Anti-human monoclonal antibodies CD8 (APC), IFN-γ (FITC), granzyme B (PE), perforin (PE-Cy7) and isotype antibodies were all purchased from eBioscience, USA. Cells were carefully harvested. Surface staining of CD8 antibodies (10 µL) was incubated at room temperature for 30 min in the dark. For the intracellular staining, cells were fixed for 30 min in Cytofix/Cytoperm (eBioscience, USA) at 4 °C in the dark and then washed with Perm/Wash buffer. Subsequently, the cells were re-suspended in Perm/wash buffer containing the antibodies against IFN-γ, granzyme B, and perforin. The samples were analyzed by flow cytometry with an FACSCanto II (BD Bioscience). Instruments were calibrated daily using the “7-color setup beads” calibration system (BD) to optimize the stability. The FlowJo software (Tree Star Inc, Ashland, OR, USA) was used to analyze the data. Lymphocytes were gated in the forward scatter versus side scatter dot plot. CD8+ T lymphocytes were selected and expression of IFN-γ, granzyme B, and perforin was analyzed. The results are expressed as a percentage of cells in the CD8+ T lymphocyte populations.
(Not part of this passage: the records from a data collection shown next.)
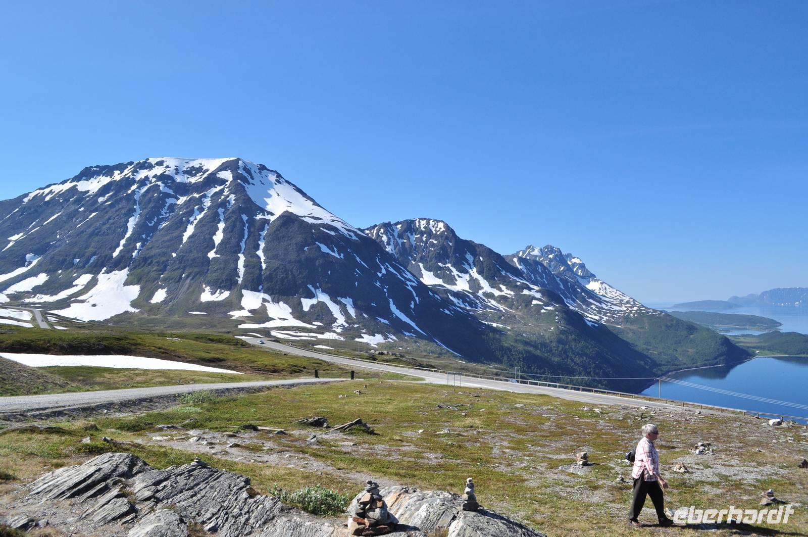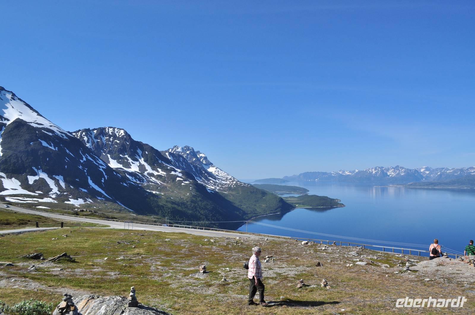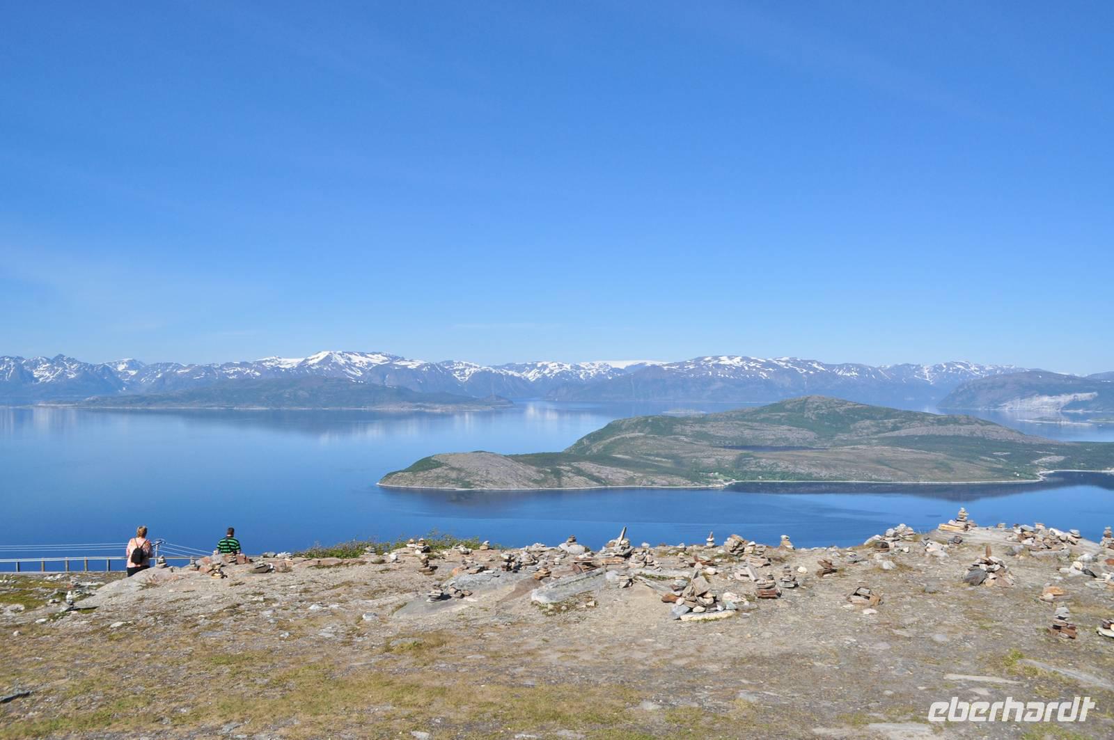 Zu sehen bekommen wir ihn auf dem Kvænangenfjellet. Ein Aussichtspunkt bietet einen fantastischen Blick über die Landschaft aus Fjorden, Bergen, Gletschern, Inseln.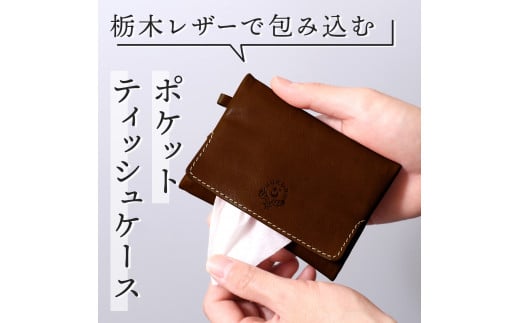 【ブラウン】ポケットティッシュケース HUKURO 栃木レザー
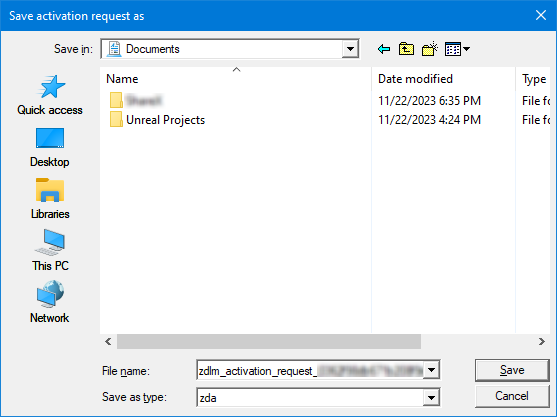 Save the zdlm_activation_request*.zda file in a driver of your choice.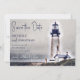 Ce mariage Save the Date présente un beau tableau de phare sur le devant et un arrière - plan bleu solide sur le dos. - par The Beach Bum

The statistical analysis was carried out with SPSS v.22 for Windows and GraphPad Prism version 6.0 as well as SAS™ 9.3 software (Cary, NC, USA). The mean values and SD were calculated. Mean ± Standard Deviation (SD) are shown in the figures. Differences between three independent groups were evaluated by one-way ANOVA analysis, Post Hoc Multiple Comparisons with Bonferroni or Tamhane’s T2 procedure.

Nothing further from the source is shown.